**Problem to solve**
Repeat exactly the lines running from the first line of the data to the line containing "图为工作人员正在沙发车间加紧生产。 记者 贾珺 摄", both ends included, and nothing else; drop the pictures.

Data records

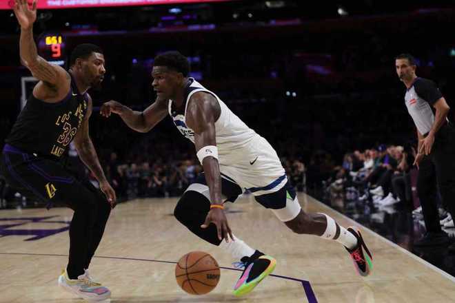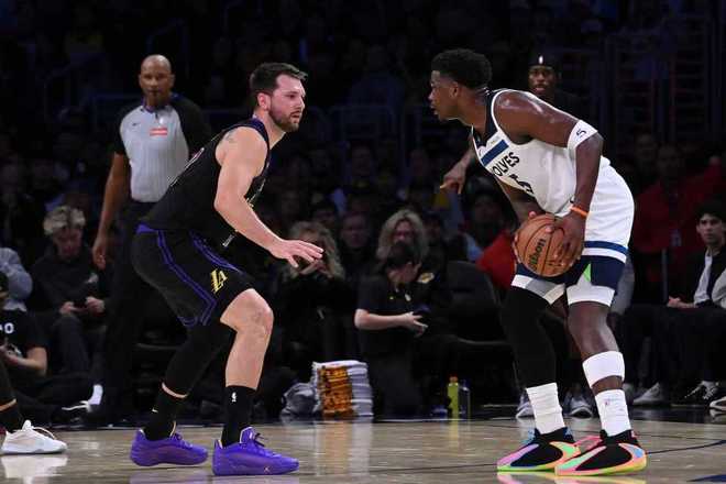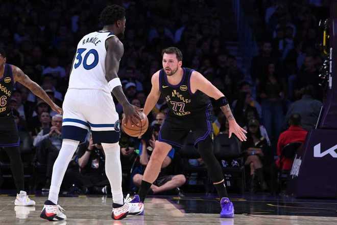 東契奇的狀態逐步提升,他第二節5中3得到8分,上半場15中5得到12+5+6,湖人前兩節以45-45持平森林狼。
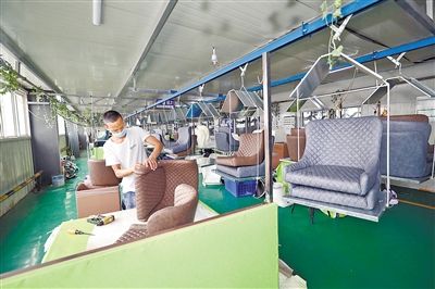 图为工作人员正在沙发车间加紧生产。 记者 贾珺 摄
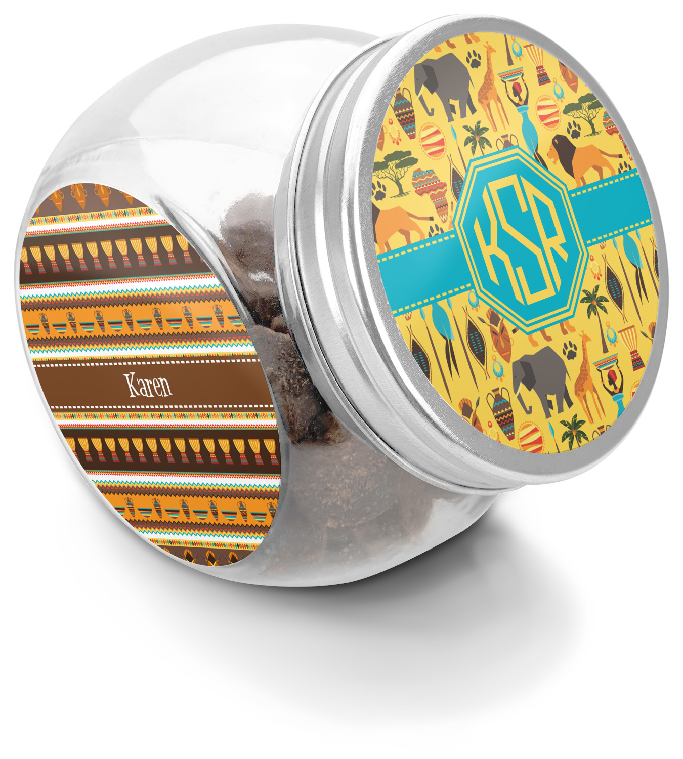 This treat jar is an excellent way to store treats for your favorite canine or feline. Moreover, their delicate, classy appearance makes them a tasteful addition to your countertop's décor. Crafted from clear glass, its unique construction and silver metal, screw-on lid allows for quick and easy access. Three, permanent, vinyl stickers are applied to both sides of the jar and lid, presenting your personalized design. The base of this glass, dog treat jar is 3.4" x 4.75", and the jar stands at 5" tall. Though on the smaller side, this jar is best suited for smaller treats or training treats.
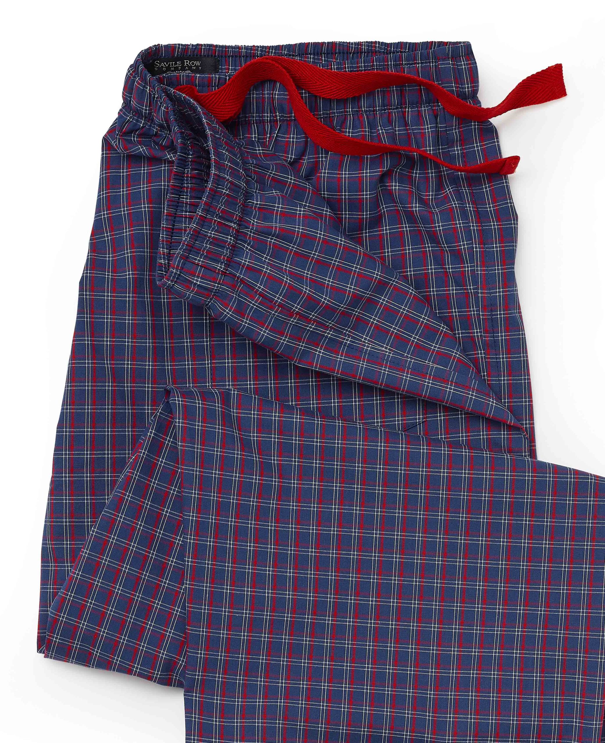 Elevate your loungewear with our navy and red check lounge pants. Made from 100% pure cotton poplin, they provide a seriously soft handle, perfect for relaxing at home. The fully elasticated waist features contrast herringbone detailing, ensuring a comfortable and adjustable fit. Designed with practicality in mind, they include a single back pocket adorned with an embroidered logo.
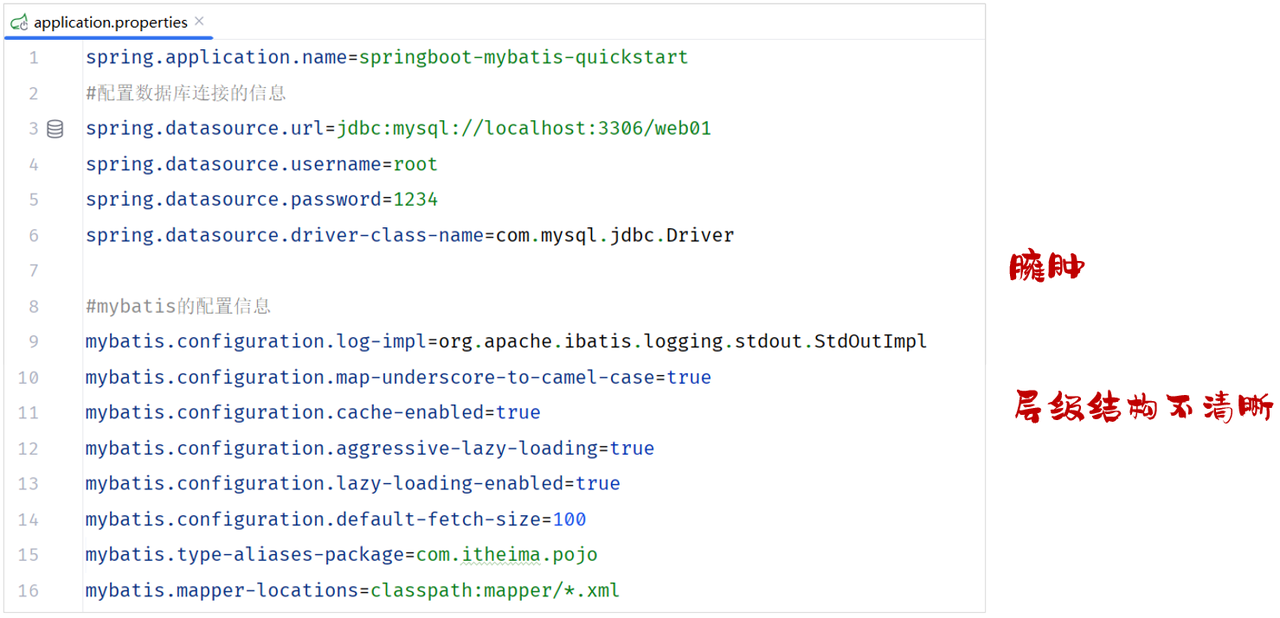 前面我们一直使用springboot项目创建完毕后自带的application.properties进行属性的配置,而如果在项目中,我们需要配置大量的属性,采用properties配置文件这种 key=value 的配置形式,就会显得配置文件的层级结构不清晰,也比较臃肿。
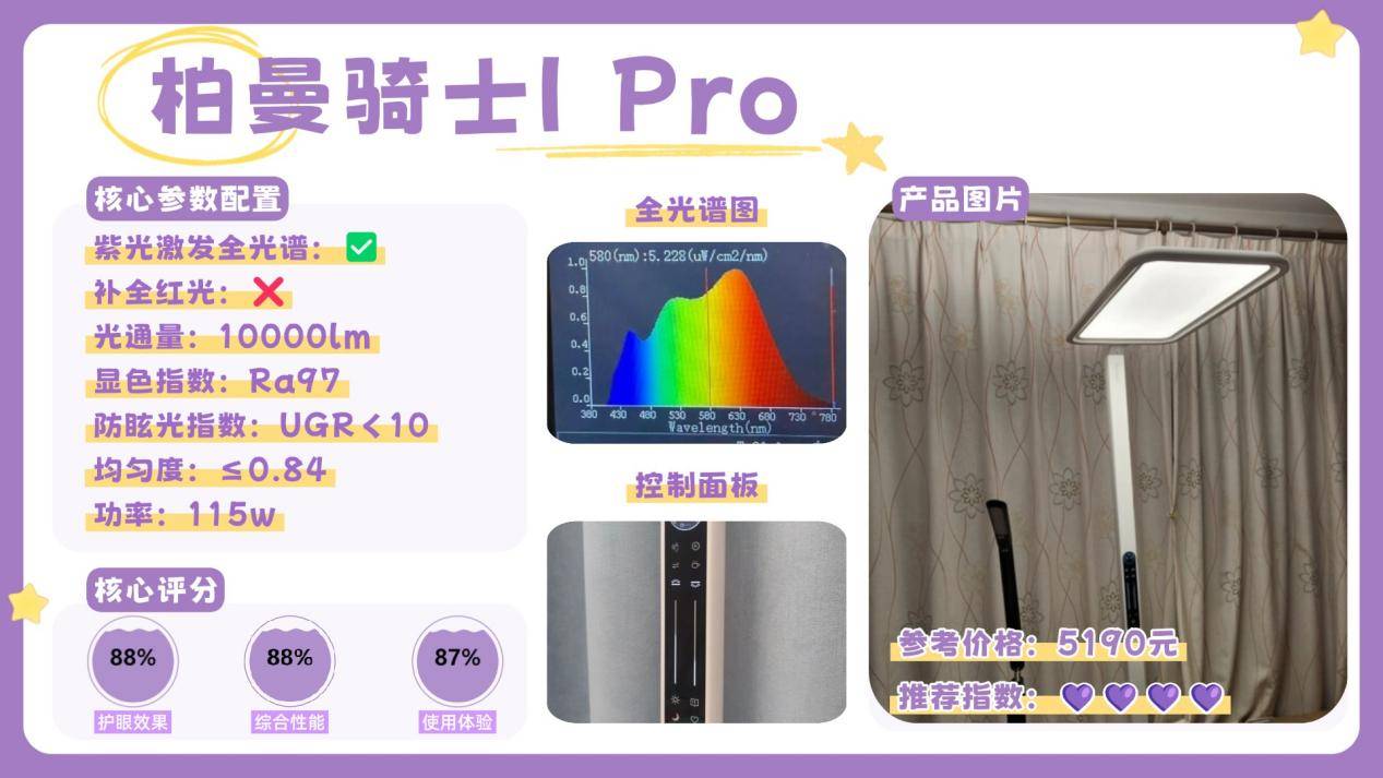 护眼大路灯排名前十的品牌有哪些?柏曼骑士I Pro整体光通量约9500lm,光线明亮且覆盖面积宽广。灯头采用矩形发光面,结合侧向出光设计,使光线柔和均匀,明暗落差不明显,并能有效降低眩光,实测防眩光指数约为10。功能方面支持2700K–5700K宽色温调节,并提供自定义休息提醒。整体来看,柏曼骑士I Pro完整度较高,但定价偏高,更适合预算充足、对光环境要求较高的伙伴。

**Solution to this problem**
 東契奇的狀態逐步提升,他第二節5中3得到8分,上半場15中5得到12+5+6,湖人前兩節以45-45持平森林狼。
 图为工作人员正在沙发车间加紧生产。 记者 贾珺 摄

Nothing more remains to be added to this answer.